She hugged the blue robe tighter around her. "I'm Zelma," she said. "And Grandma's Zeldy. But her last name's Morris."

I reached into my coat pocket and took out the letter.

Grandma Zeldy said, "That's mine."

I showed her the signature, "Zeldy Beware."

She said, "Just signed my first name. Zeldy. That last isn't my name. It's beware. Like look out! On guard!"

I looked at the young girl. She smiled. This was lots of fun. She said, "What's this letter you're talking about?"

I handed it to her, and explained why I was here.

She nodded. "The committee investigating lobbying and like that?"

"Uh-huh."

"I read about it. Grandma did, too. We wondered why you'd be investigating lobbies. At first we thought it was theater lobbies and hotel lobbies and like that."

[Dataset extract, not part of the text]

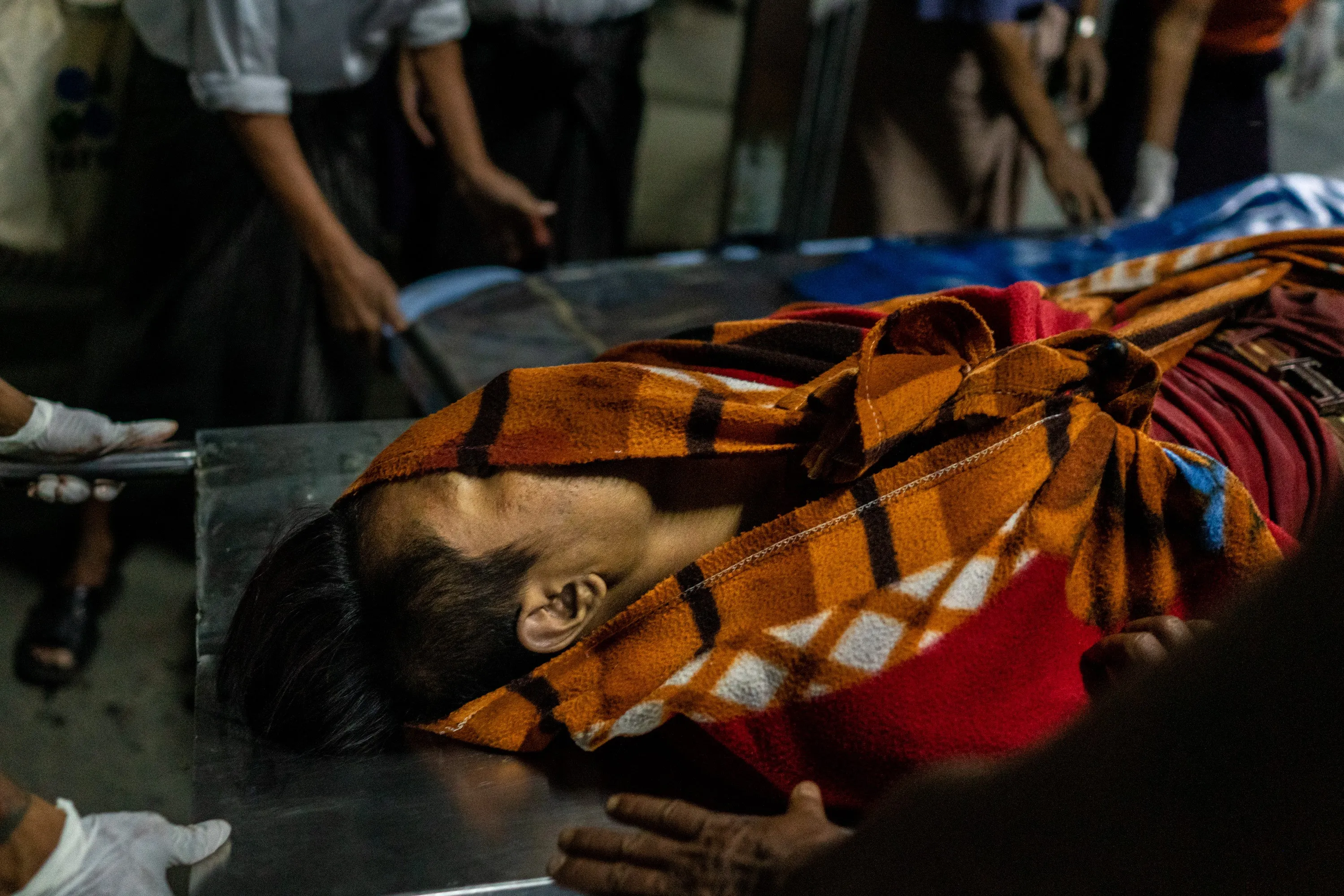 Medics wrap the body of a protester who was killed in clashes with cloth on March 03, 2021 in Yangon, Myanmar. Medics and health workers have found themselves on the front lines and under intense pressure, as they try to help anti-coup protesters as resistance continues to erupt across the country, to be met with deadly force by the military junta. The military government has intensified a crackdown on protesters in recent days, using tear gas and live ammunition, charging at and arresting protesters and journalists. At least 25 people have been killed so far, according to monitoring organizations, leaving ill-equipped medics to help scores of the injured. (Photo by Stringer/Getty Images)
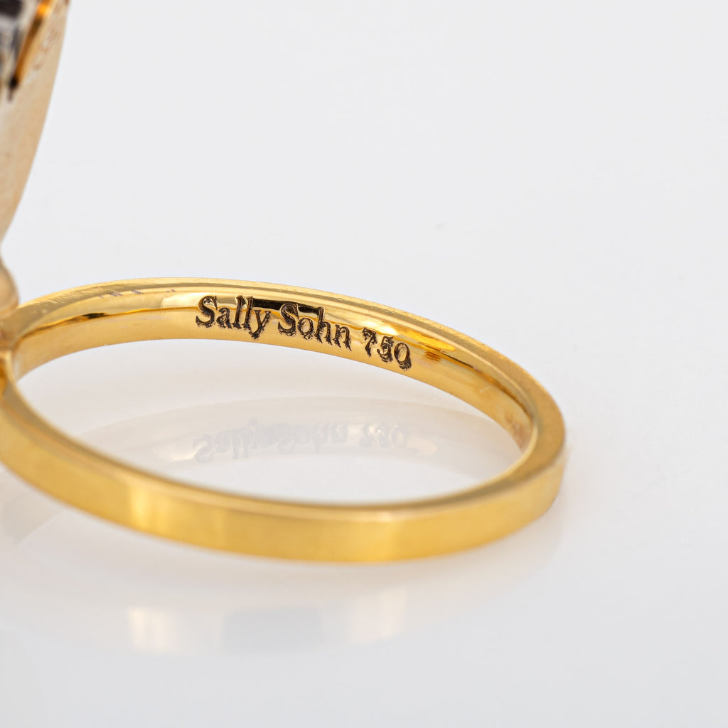 Metal & Hallmark: 18 karat yellow gold. The ring is hallmarked "750" for 18k gold and "Sally Sohn"

"No, ma'am." I smiled at her. "You're a little off there."

She laughed and went on to say that she knew what it was all about now. She and Grandma. Ordinarily I'd have tried a little harder to get down to the crucial facts faster, but Zelma had those big green eyes and red hair and that thin blue robe. And she had stopped blushing.

I asked Zeldy about her letter, and who Mr. Big was.

She brushed a leaf out of her hair and looked at a palm tree.

I asked her again. She went back into the bushes.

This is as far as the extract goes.